Queue for boarding registration flight illustration.people with travel bags stand in line and wait until they are served by airport staff and allowed to board.

A ticketing system is a real-world example for the queue where the person first in the line is served first and the one at the end of the line is served last.  
A queue is a special Data Structure efficiently used for buffering. This concept works similar to the print queue where the jobs buffered are printed based on the order of requests received. We can also use queues to prioritize interrupts to address based on their priority.  Another simple example of a queue system is the first-come-first-served calls answered in a call-center. 

Queue Operations
The life cycle of a queue involves initializing, adding items to the queue (enqueue), retrieving items from the queue (dequeue) and deleting the queue from memory.
Learning Queue is incomplete without understanding the steps involved in Enqueue and Dequeue operations.

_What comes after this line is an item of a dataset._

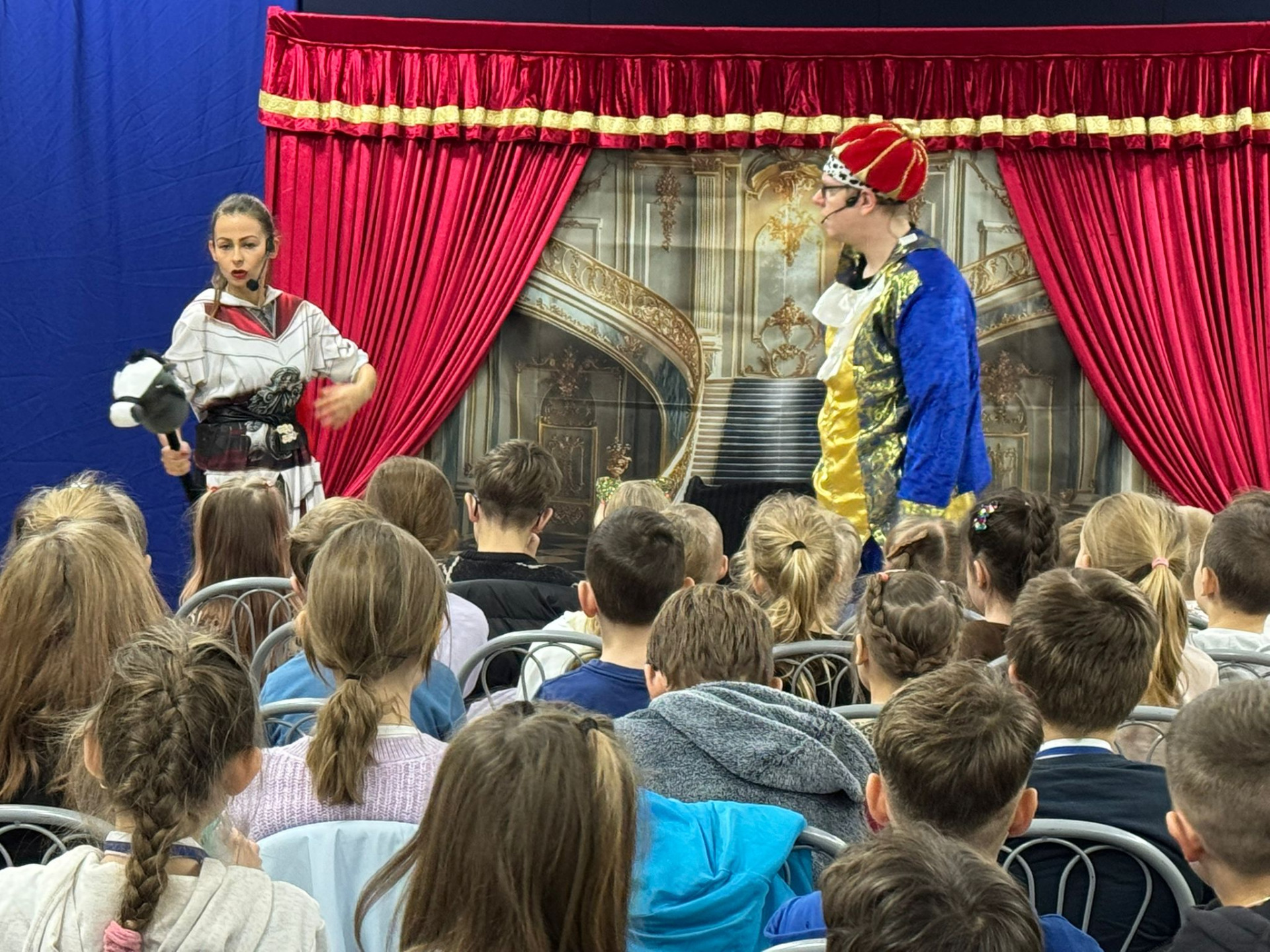 8 grudnia odbyło się przedstawienie profilaktyczne pt. „Tajemnica zaginionych książek” dla klas 0-IV. Spektakl miał formę zabawnej, bajkowej opowieści z barwną scenografią, muzyką oraz tańcem, dzięki czemu wzbudził duże zainteresowanie wśród uczniów.

Enqueue – Enqueue operation manipulates only the tail pointer and does not hinder the head pointer.  We insert data in a queue with the following steps:

  1. Check if the queue is empty 
  2.  If the queue is not empty, stop the operation
  3. If the queue is empty, increment the tail pointer to point to the next available space
  4.  Insert the data in the newly created space
  5.  Now that becomes the current tail element of the queue
Algorithm for Enqueue:

   Enqueue(data)
   {
      if queue is empty     {
         tail = tail +1
         queue[tail] = data      
         }  
      else
          exit
    }

Dequeue – Dequeue operation does not manipulate the tail pointer. Here, data is removed from the Queue with the following steps:

  1.  Check if the queue is empty
  2.  If the queue is empty, stop the operation
  3.  If the queue is not empty, move to the head of the queue
  4.  Remove the data and increment the head pointer to the next position
  5.  Now that becomes the current head element of the queue 
Algorithm for Dequeue:

  

   Dequeue( )

    {

       if queue is empty

       exit

      else

       {

           head = head +1

           queue[head] = data      

       }  

    }

Types of Queues

  1.  A simple queue is a linear queue. We insert data until the queue becomes full.
  2.  Circular queue, commonly referred to as Ring buffer, is a linear queue where the head of the queue is  connected back to the tail. Data is enqueued in the head and dequeued from the tail. 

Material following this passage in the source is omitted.